*** INPUT ***
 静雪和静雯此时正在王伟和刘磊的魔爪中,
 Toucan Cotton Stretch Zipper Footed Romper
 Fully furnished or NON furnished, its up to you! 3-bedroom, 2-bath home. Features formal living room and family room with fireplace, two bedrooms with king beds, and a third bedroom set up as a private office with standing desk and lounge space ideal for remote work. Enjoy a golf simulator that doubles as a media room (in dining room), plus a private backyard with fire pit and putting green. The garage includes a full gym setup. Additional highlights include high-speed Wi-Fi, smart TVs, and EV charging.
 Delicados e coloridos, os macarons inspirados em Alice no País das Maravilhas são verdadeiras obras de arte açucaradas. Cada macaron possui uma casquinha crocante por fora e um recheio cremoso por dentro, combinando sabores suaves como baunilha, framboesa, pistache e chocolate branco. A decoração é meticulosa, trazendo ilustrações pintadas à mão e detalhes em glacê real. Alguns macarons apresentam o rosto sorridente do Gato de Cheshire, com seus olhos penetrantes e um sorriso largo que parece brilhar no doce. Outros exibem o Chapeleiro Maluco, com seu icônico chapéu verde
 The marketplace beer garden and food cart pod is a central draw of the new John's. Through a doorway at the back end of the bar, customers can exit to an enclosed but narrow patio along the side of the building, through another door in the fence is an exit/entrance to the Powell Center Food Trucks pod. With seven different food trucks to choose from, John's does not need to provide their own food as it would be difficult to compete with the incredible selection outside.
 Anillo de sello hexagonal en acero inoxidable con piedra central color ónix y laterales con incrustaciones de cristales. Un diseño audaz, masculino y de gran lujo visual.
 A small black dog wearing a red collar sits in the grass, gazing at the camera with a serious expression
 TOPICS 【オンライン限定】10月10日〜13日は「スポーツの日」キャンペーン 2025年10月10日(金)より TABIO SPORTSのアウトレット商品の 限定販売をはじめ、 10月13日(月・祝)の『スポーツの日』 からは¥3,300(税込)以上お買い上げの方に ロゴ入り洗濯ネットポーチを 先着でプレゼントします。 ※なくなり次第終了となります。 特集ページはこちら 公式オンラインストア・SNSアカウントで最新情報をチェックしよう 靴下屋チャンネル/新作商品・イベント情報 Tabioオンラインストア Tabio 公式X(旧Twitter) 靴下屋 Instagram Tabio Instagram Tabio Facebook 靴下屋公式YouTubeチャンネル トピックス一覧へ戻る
***
*** INPUT ***
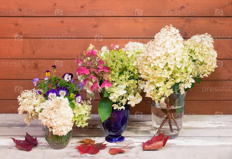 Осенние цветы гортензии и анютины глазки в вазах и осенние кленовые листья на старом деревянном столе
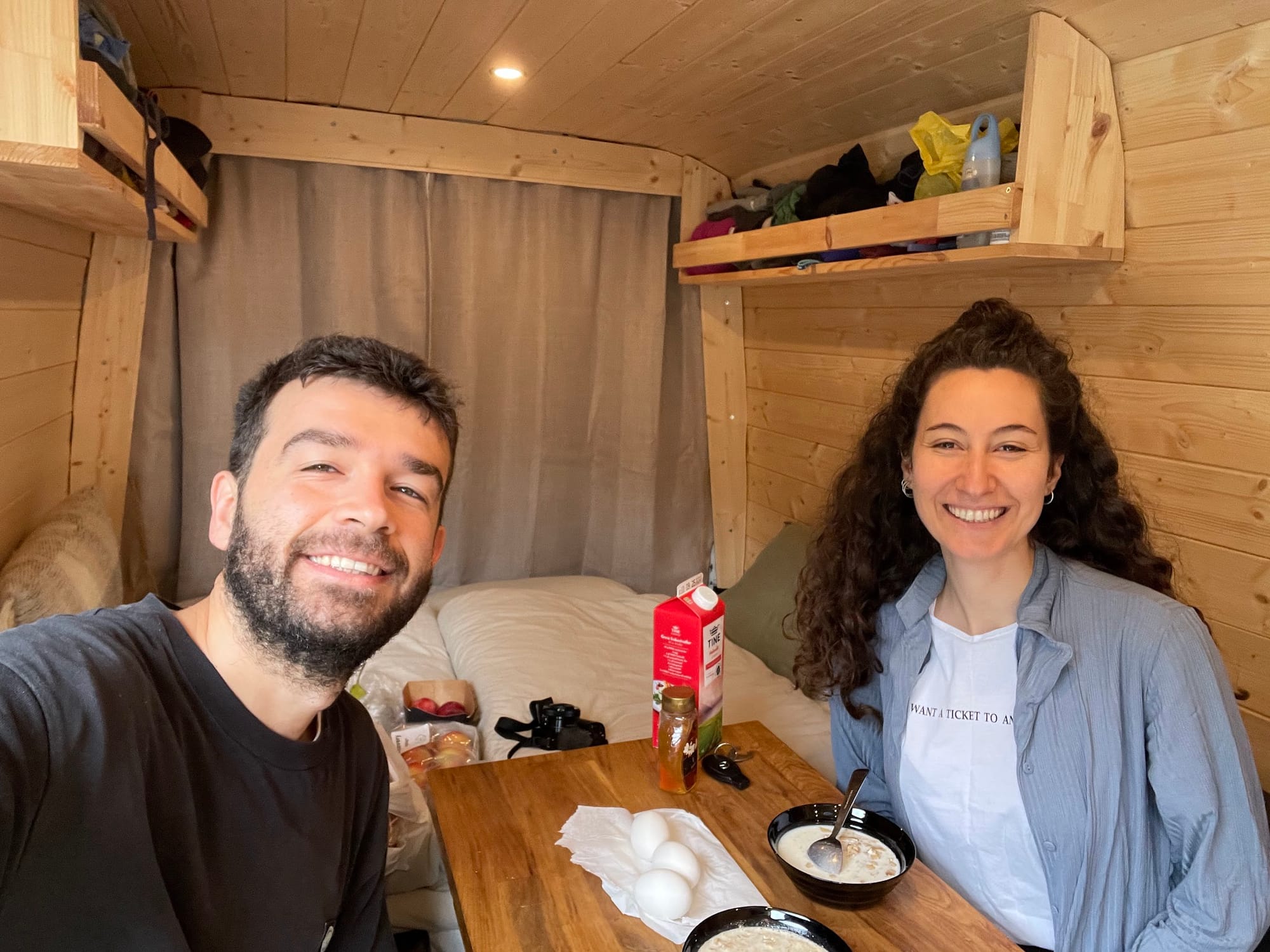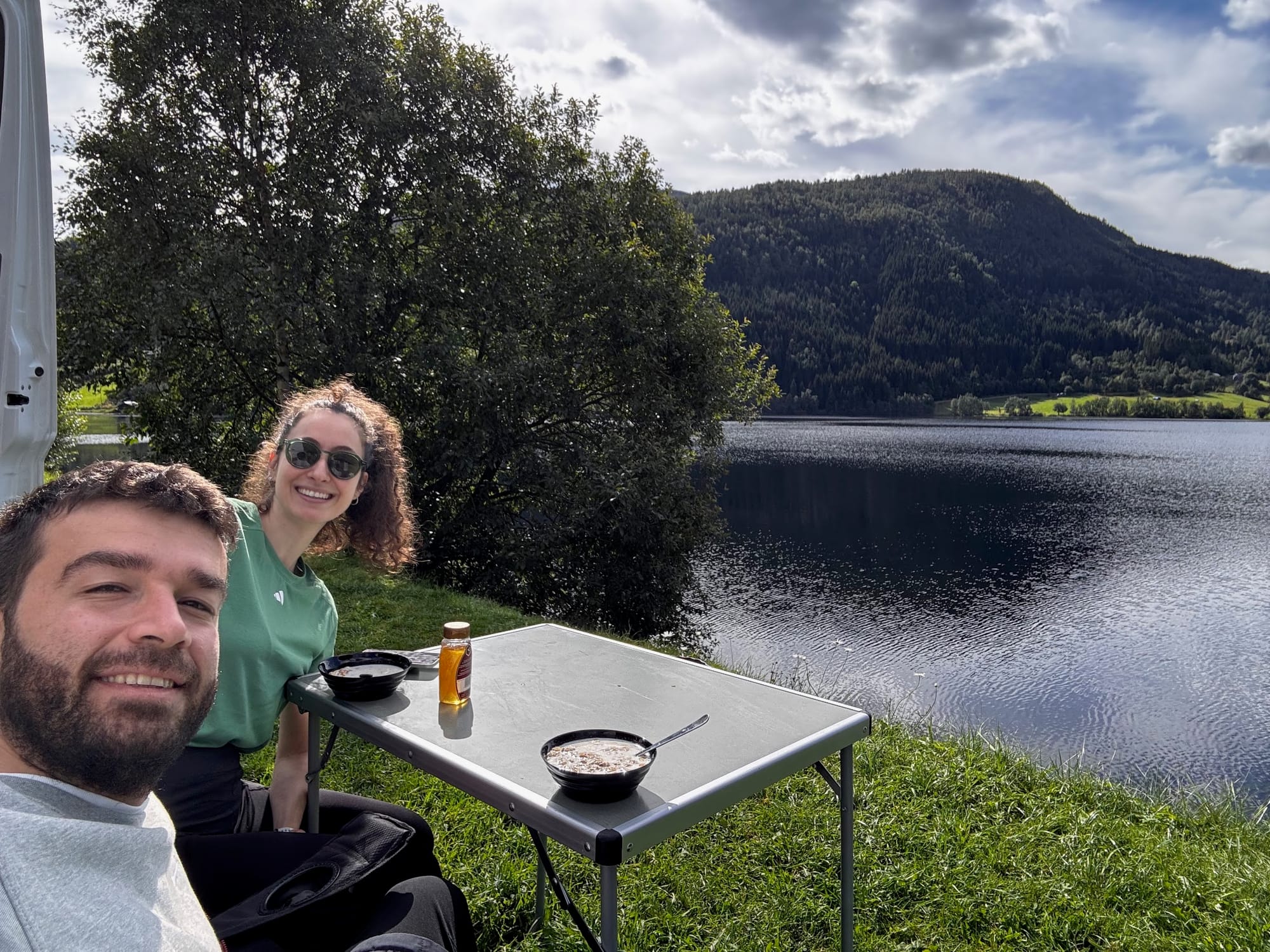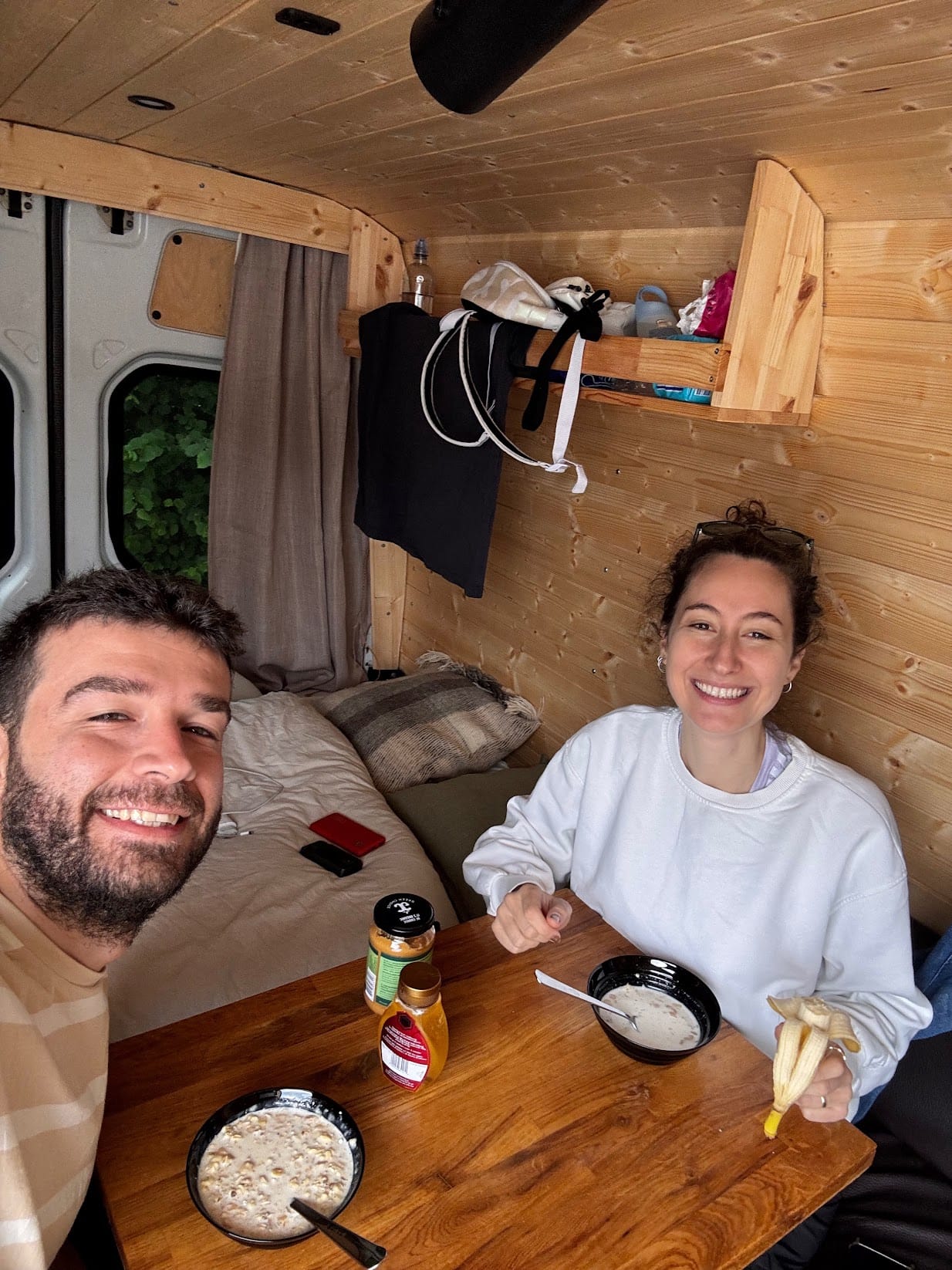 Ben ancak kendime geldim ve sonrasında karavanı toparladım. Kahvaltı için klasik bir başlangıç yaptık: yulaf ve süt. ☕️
***
*** INPUT ***
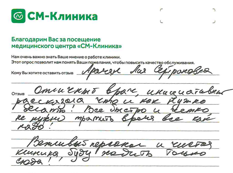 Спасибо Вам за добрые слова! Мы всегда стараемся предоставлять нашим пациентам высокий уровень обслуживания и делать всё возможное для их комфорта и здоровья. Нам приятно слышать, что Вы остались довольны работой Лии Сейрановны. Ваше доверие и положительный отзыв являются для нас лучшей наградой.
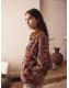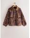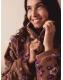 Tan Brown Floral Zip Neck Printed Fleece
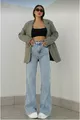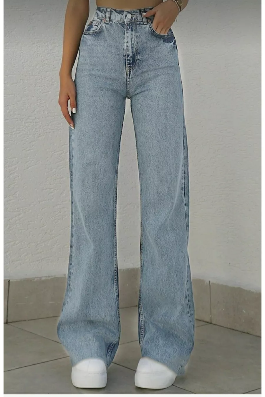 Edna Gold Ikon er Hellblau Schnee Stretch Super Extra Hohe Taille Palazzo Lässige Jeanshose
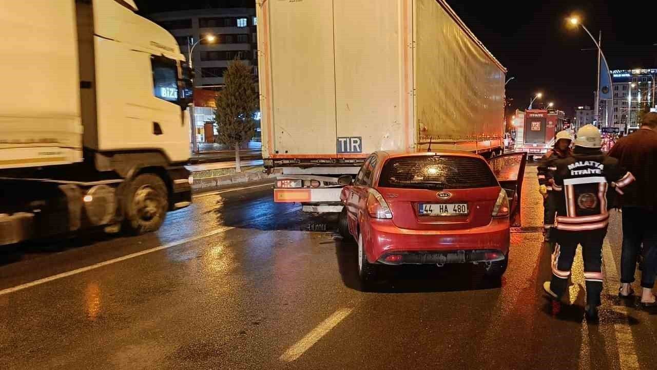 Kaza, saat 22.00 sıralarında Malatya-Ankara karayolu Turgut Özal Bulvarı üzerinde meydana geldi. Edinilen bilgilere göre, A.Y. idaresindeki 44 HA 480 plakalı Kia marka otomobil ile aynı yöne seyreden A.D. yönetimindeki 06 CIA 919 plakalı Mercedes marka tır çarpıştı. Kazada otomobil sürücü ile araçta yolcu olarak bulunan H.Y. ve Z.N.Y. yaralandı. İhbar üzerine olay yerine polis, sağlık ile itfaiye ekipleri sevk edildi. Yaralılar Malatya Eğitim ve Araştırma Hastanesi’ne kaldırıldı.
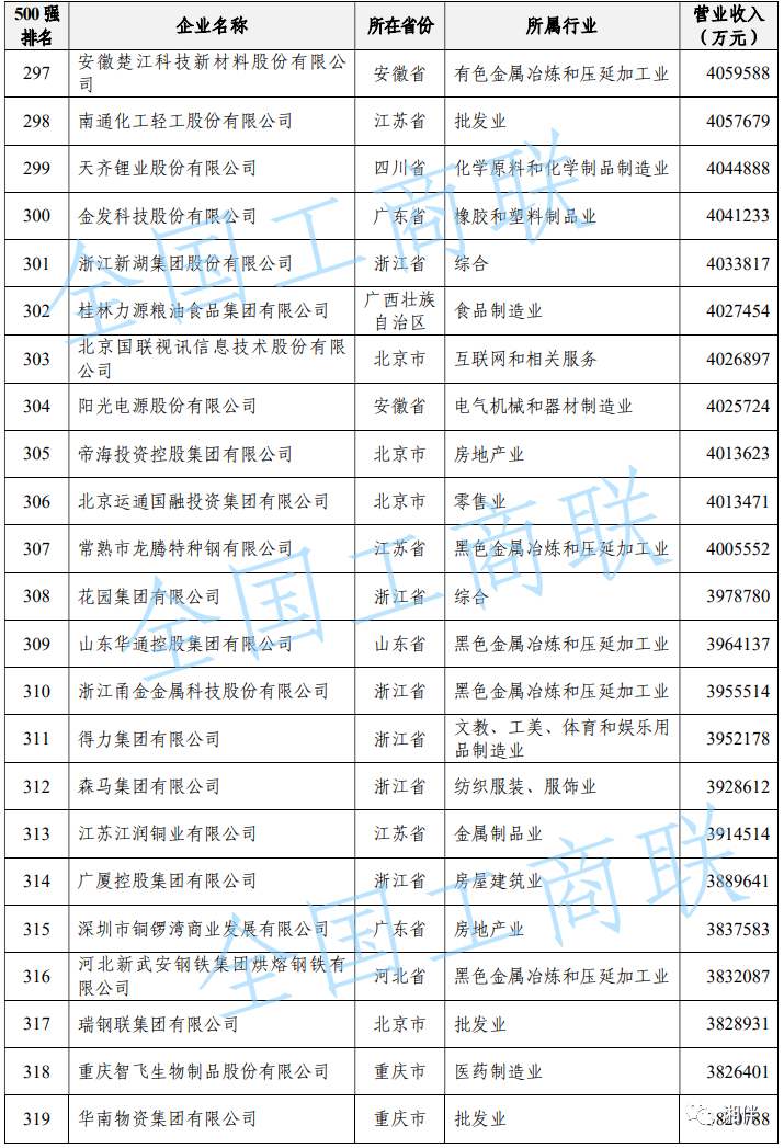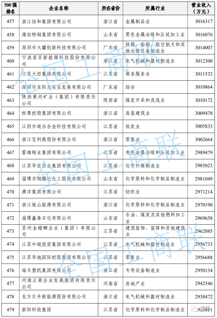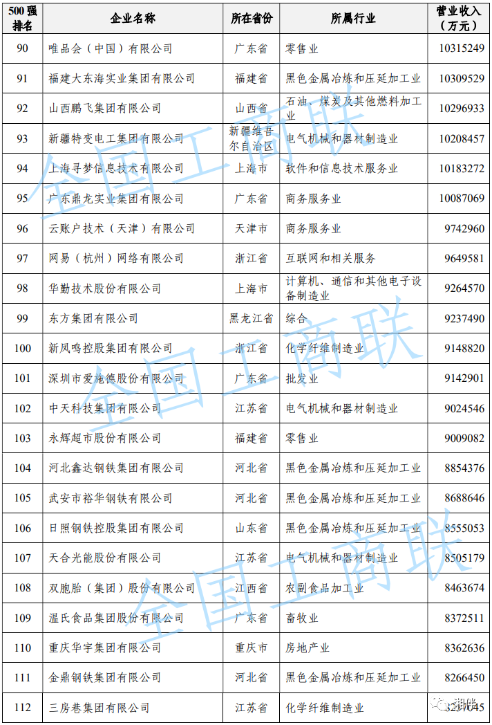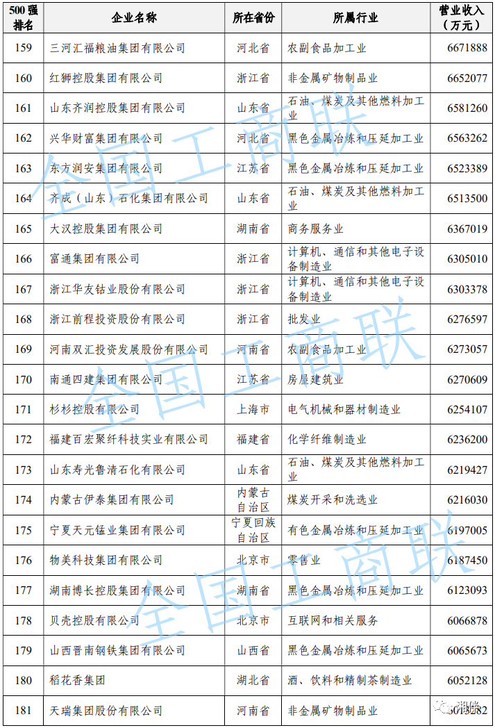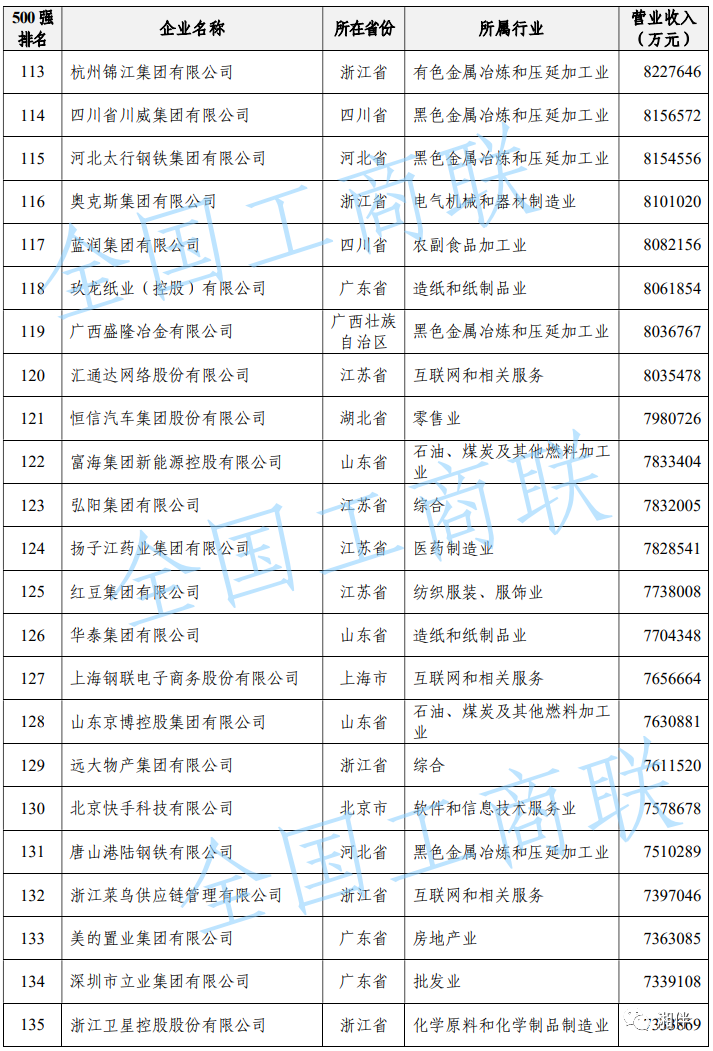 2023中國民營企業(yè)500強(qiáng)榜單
***
Would you copy, unchanged, the stretch of the records above that begins at the line containing "A small black" and ends at the line containing "TOPICS 【オンライン限定】10月10日〜13日は「スポーツの日」キャンペーン 2025年10月10日(金)より", and only that?

YOUR SOLUTION
 A small black dog wearing a red collar sits in the grass, gazing at the camera with a serious expression
 TOPICS 【オンライン限定】10月10日〜13日は「スポーツの日」キャンペーン 2025年10月10日(金)より TABIO SPORTSのアウトレット商品の 限定販売をはじめ、 10月13日(月・祝)の『スポーツの日』 からは¥3,300(税込)以上お買い上げの方に ロゴ入り洗濯ネットポーチを 先着でプレゼントします。 ※なくなり次第終了となります。 特集ページはこちら 公式オンラインストア・SNSアカウントで最新情報をチェックしよう 靴下屋チャンネル/新作商品・イベント情報 Tabioオンラインストア Tabio 公式X(旧Twitter) 靴下屋 Instagram Tabio Instagram Tabio Facebook 靴下屋公式YouTubeチャンネル トピックス一覧へ戻る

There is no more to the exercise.